The `LABEL` field type adds additional labels to the node. The value is treated
as an array type so that multiple additional labels can be specified for each
node. The value is split using the array delimiter (`--array-delimiter` flag).
### Relationships
In order to be able to import relationships, you must import the nodes in the
same invocation of `mg_import_csv` that is used to import the relationships.
When importing relationships, several more types can be specified in the header
of the CSV file (along with all property types):
- `START_ID`: id of the start node that should be connected with the
relationship
- `END_ID`: id of the end node that should be connected with the relationship
- `TYPE`: designates the type of the relationship
- `IGNORE`: designates that the field should be ignored
The `START_ID` field type sets the start node that should be connected with the
relationship to the end node. The field *must* be specified and the node ID
must be one of the node IDs that were specified in the node CSV files. The name
of this field is ignored. If the node ID is in an ID space, you can specify the
ID space for the in the same way as for the node ID (`START_ID(user)`).
The `END_ID` field type sets the end node that should be connected with the
relationship to the start node. The field *must* be specified and the node ID
must be one of the node IDs that were specified in the node CSV files. The name
of this field is ignored. If the node ID is in an ID space, you can specify the
ID space for the in the same way as for the node ID (`END_ID(user)`).

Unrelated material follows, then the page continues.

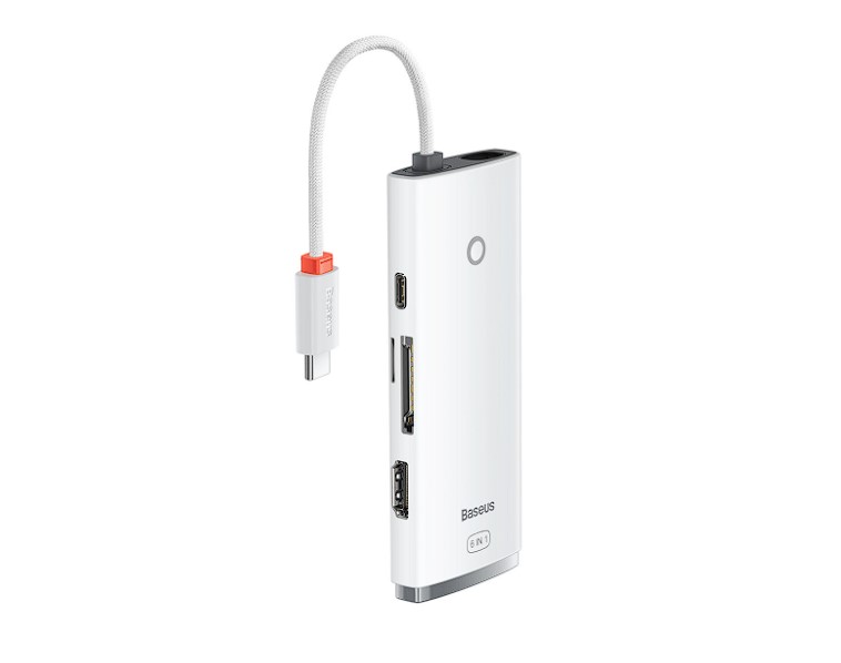 Docking Station Baseus Lite, conectare PC USB Type-C, USB 3.0 x 2, USB Type C x 1 PD, HDMI x 1/4K/30Hz, card reader SD/microSD, alb

The `TYPE` field type sets the type of the relationship. Each relationship
*must* have a relationship type, but it doesn't necessarily need to be specified
in the CSV file, it can also be set externally for the whole CSV file. The name
of this field is ignored.
## CSV Importer Flags
The importer has many command line options that allow you to customize the way
the importer loads your data.
The two main flags that are used to specify the input CSV files are `--nodes`
and `--relationships`. Basic description of these flags is provided in the table
and more detailed explainion can be found further down bellow.
| Flag | Description |
|-----------------------| -------------- |
|`--nodes` | Used to specify CSV files that contain the nodes to the importer. |
|`--relationships` | Used to specify CSV files that contain the relationships to the importer.|
|`--delimiter` | Sets the delimiter that should be used when splitting the CSV fields (default `,`)|
|`--quote` | Sets the quote character that should be used to quote a CSV field (default `"`)|
|`--array-delimiter` | Sets the delimiter that should be used when splitting array values (default `;`)|
|`--id-type` | Specifies which data type should be used to store the supplied <br /> node IDs when storing them as properties (if the field name is supplied). <br /> The supported values are either `STRING` or `INTEGER`. (default `STRING`)|
|`--ignore-empty-strings` | Instructs the importer to treat all empty strings as `Null` values <br /> instead of an empty string value (default `false`)|
|`--ignore-extra-columns` | Instructs the importer to ignore all columns (instead of raising an error) <br /> that aren't specified after the last specified column in the CSV header. (default `false`) |
| `--skip-bad-relationships`| Instructs the importer to ignore all relationships (instead of raising an error) <br /> that refer to nodes that don't exist in the node files. (default `false`) |
|`--skip-duplicate-nodes` | Instructs the importer to ignore all duplicate nodes (instead of raising an error). <br /> Duplicate nodes are nodes that have an ID that is the same as another node that was already imported. (default `false`) |
| `--trim-strings`| Instructs the importer to trim all of the loaded CSV field values before processing them further. <br /> Trimming the fields removes all leading and trailing whitespace from them. (default `false`) |
The `--nodes` and `--relationships` flags are used to specify CSV files that
contain the nodes and relationships to the importer. Multiple files can be
specified in each supplied `--nodes` or `--relationships` flag. Files that are
supplied in one `--nodes` or `--relationships` flag are treated by the CSV
parser as one big CSV file. Only the first line of the first file is parsed for
the CSV header, all other files (and rows) are treated as data. This is useful
when you have a very large CSV file and don't want to edit its first line just
to add a CSV header. Instead, you can specify the header in a separate file
(e.g. `users_header.csv` or `friendships_header.csv`) and have the data intact
in the large file (e.g. `users.csv` or `friendships.csv`). Also, you can supply
additional labels for each set of node files.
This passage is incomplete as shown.